### EXERCISE REQUIREMENTS
Below is a block of entries, which should be copied verbatim apart from the pictures.

### DATA FOR THIS EXERCISE
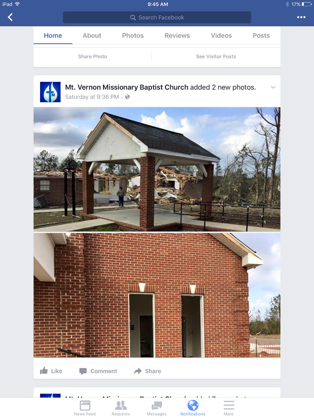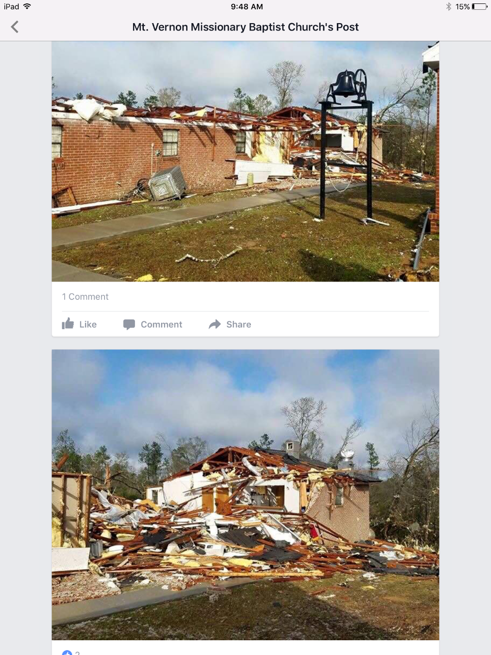 In 2013, my family's church which opened in 1900 in Petal, MS was destroyed by a devastating tornado. After great sacrifice, hard work, and determination the new Mt. Vernon Missionary Baptist Church opened less than a year ago. To see the church destroyed once again by a tornado on Saturday, January 21, 2017 is heartbreaking. Please donate to help the congregation rebuild once more.
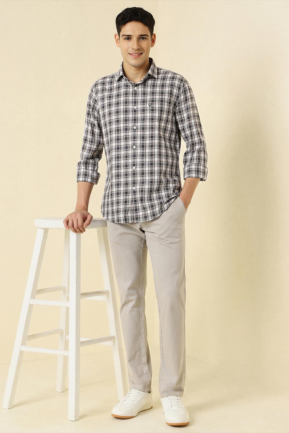 Elevate your casual wardrobe with this Allen Solly check shirt in white. Tailored from comfortable cotton, it seamlessly blends style and comfort, making it ideal for relaxed outings or gatherings. The distinct check pattern adds a touch of sophistication, ensuring you stand out effortlessly. Embrace a look that effortlessly balances casual elegance while enjoying all-day comfort in this must-have piece.
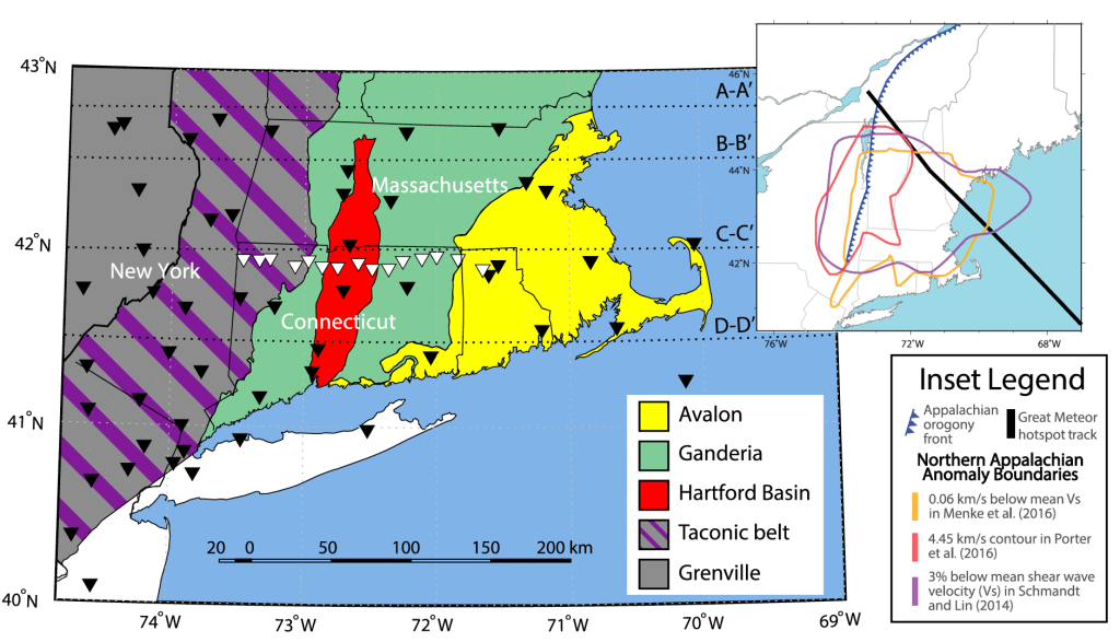 Another focus of my research is on understanding how lithosphere is tectonically or geodynamically modified in regions aside from cratons, and to what extent these modifications can persist through time. Work in southern New England finds that lithospheric properties inherited in past tectonic episodes can persist through several Wilson cycles and may even impact how later modification is accommodated. This work was authored by my former PhD student, Gillian Goldhagen (Goldhagen et al., 2022). The results of Long et al. (2017) largely echo that of Gillian’s work, finding a seismic signature related to ancient orogenesis within the eastern United States. The idea that the mantle lithosphere can retain structure over millions and even billions of years runs counter to the commonly held view that upper mantle properties are best explained by thermal cooling of the lithosphere over time.
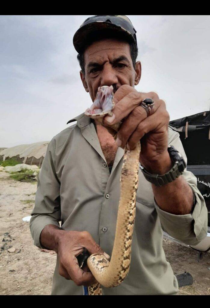 ويعتبر أن لديه الخبرة الكافية للتعامل مع جميع أنواع الأفاعي ويستطيع التمييز بين ماهو سام وغير السام منها.
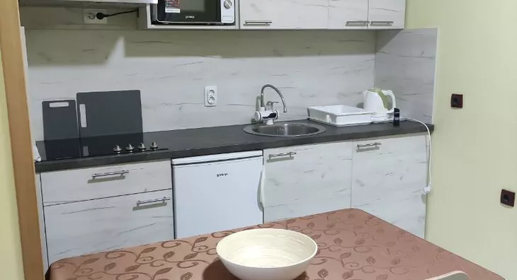 Stan se nalazi na drugom spratu stambene zgrade, ima 32m2, sastoji se iz predsoblja, kuhinje,kupatila, sobe i terase. Zgrada ima gradsko centralno grejanje, kvalitetne opreme kao i stan. Kompletno je namešten novijim stvarima i opremljen svom belom tehnikom i kućnim aparatima.
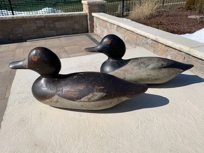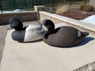 All original and unique pair of bluebill decoys. All wood bodies and heads, with glass eyes. Leather anchor strap with lead pad weight. Some minor scrapes and bumps, but otherwise great. Both decoys are signed Barnegat Bay Decoys, Point Pleasant, New Jersey, Circa 1980. They are also both signed by Art Birdsall, Captain Chip Allsopp, and Frederick Brown. Decoy is stamped GUTWEIN. Circa 1980. (Item 413/414) Asking Price: $325.00/pair
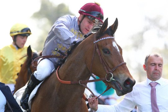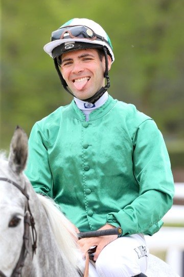 Grégory félicite sa partenaire Qemah, fille de Danehill Dancer
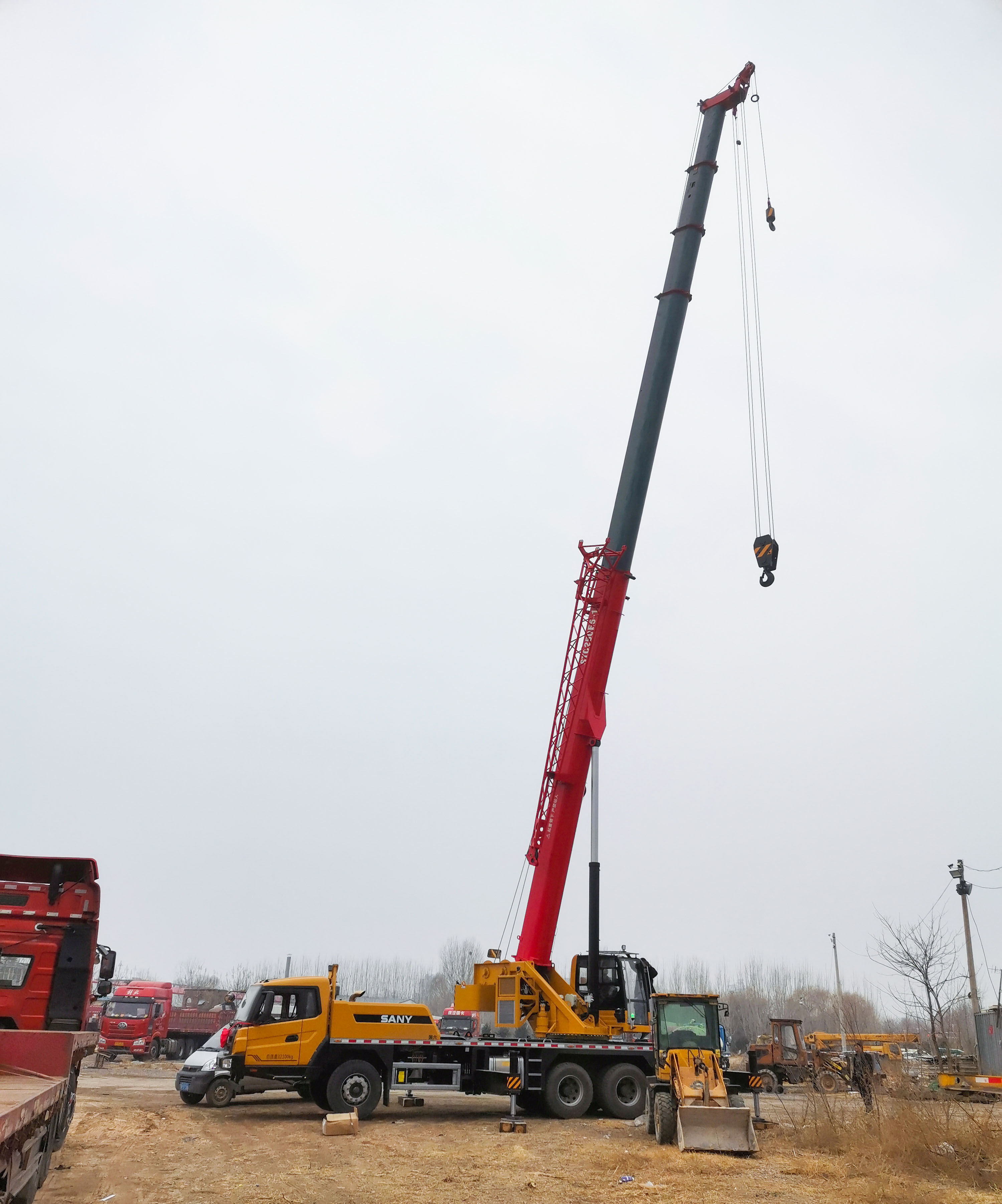 2022年初,山东聊城首台混动作业起重机抵达阳谷县。这台设备一到,就引来了当地吊友的围观。
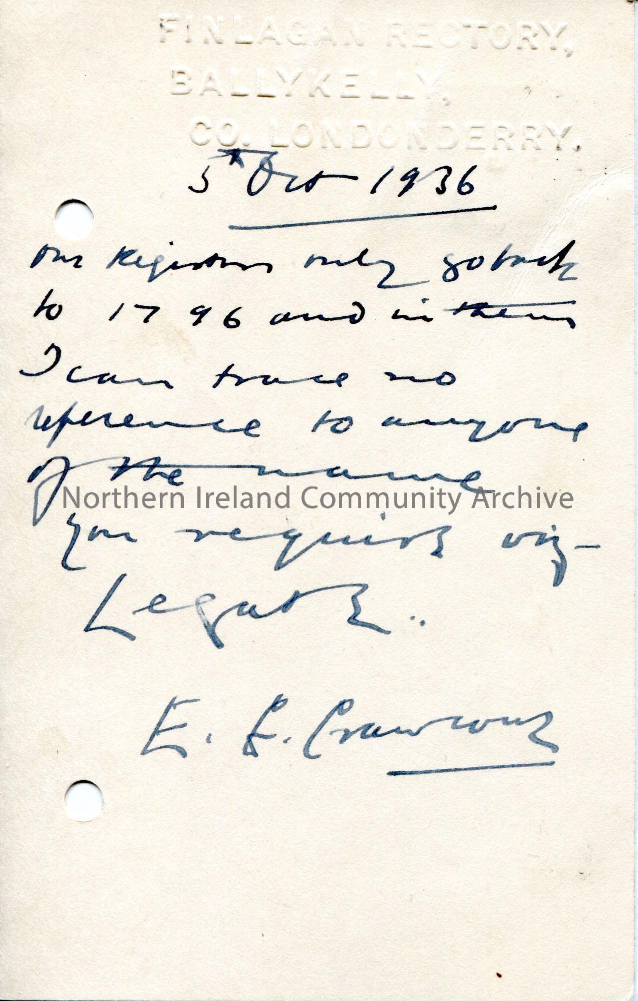 Handwritten postcard addressed to Sam Henry from E ? Crawford. King Edward VIII red 1d postage stamp pasted to front. Carried out a search in the registers for Sam for the surname Legate. Found no results.

### RESPONSE
 In 2013, my family's church which opened in 1900 in Petal, MS was destroyed by a devastating tornado. After great sacrifice, hard work, and determination the new Mt. Vernon Missionary Baptist Church opened less than a year ago. To see the church destroyed once again by a tornado on Saturday, January 21, 2017 is heartbreaking. Please donate to help the congregation rebuild once more.
 Elevate your casual wardrobe with this Allen Solly check shirt in white. Tailored from comfortable cotton, it seamlessly blends style and comfort, making it ideal for relaxed outings or gatherings. The distinct check pattern adds a touch of sophistication, ensuring you stand out effortlessly. Embrace a look that effortlessly balances casual elegance while enjoying all-day comfort in this must-have piece.
 Another focus of my research is on understanding how lithosphere is tectonically or geodynamically modified in regions aside from cratons, and to what extent these modifications can persist through time. Work in southern New England finds that lithospheric properties inherited in past tectonic episodes can persist through several Wilson cycles and may even impact how later modification is accommodated. This work was authored by my former PhD student, Gillian Goldhagen (Goldhagen et al., 2022). The results of Long et al. (2017) largely echo that of Gillian’s work, finding a seismic signature related to ancient orogenesis within the eastern United States. The idea that the mantle lithosphere can retain structure over millions and even billions of years runs counter to the commonly held view that upper mantle properties are best explained by thermal cooling of the lithosphere over time.
 ويعتبر أن لديه الخبرة الكافية للتعامل مع جميع أنواع الأفاعي ويستطيع التمييز بين ماهو سام وغير السام منها.
 Stan se nalazi na drugom spratu stambene zgrade, ima 32m2, sastoji se iz predsoblja, kuhinje,kupatila, sobe i terase. Zgrada ima gradsko centralno grejanje, kvalitetne opreme kao i stan. Kompletno je namešten novijim stvarima i opremljen svom belom tehnikom i kućnim aparatima.
 All original and unique pair of bluebill decoys. All wood bodies and heads, with glass eyes. Leather anchor strap with lead pad weight. Some minor scrapes and bumps, but otherwise great. Both decoys are signed Barnegat Bay Decoys, Point Pleasant, New Jersey, Circa 1980. They are also both signed by Art Birdsall, Captain Chip Allsopp, and Frederick Brown. Decoy is stamped GUTWEIN. Circa 1980. (Item 413/414) Asking Price: $325.00/pair
 Grégory félicite sa partenaire Qemah, fille de Danehill Dancer
 2022年初,山东聊城首台混动作业起重机抵达阳谷县。这台设备一到,就引来了当地吊友的围观。
 Handwritten postcard addressed to Sam Henry from E ? Crawford. King Edward VIII red 1d postage stamp pasted to front. Carried out a search in the registers for Sam for the surname Legate. Found no results.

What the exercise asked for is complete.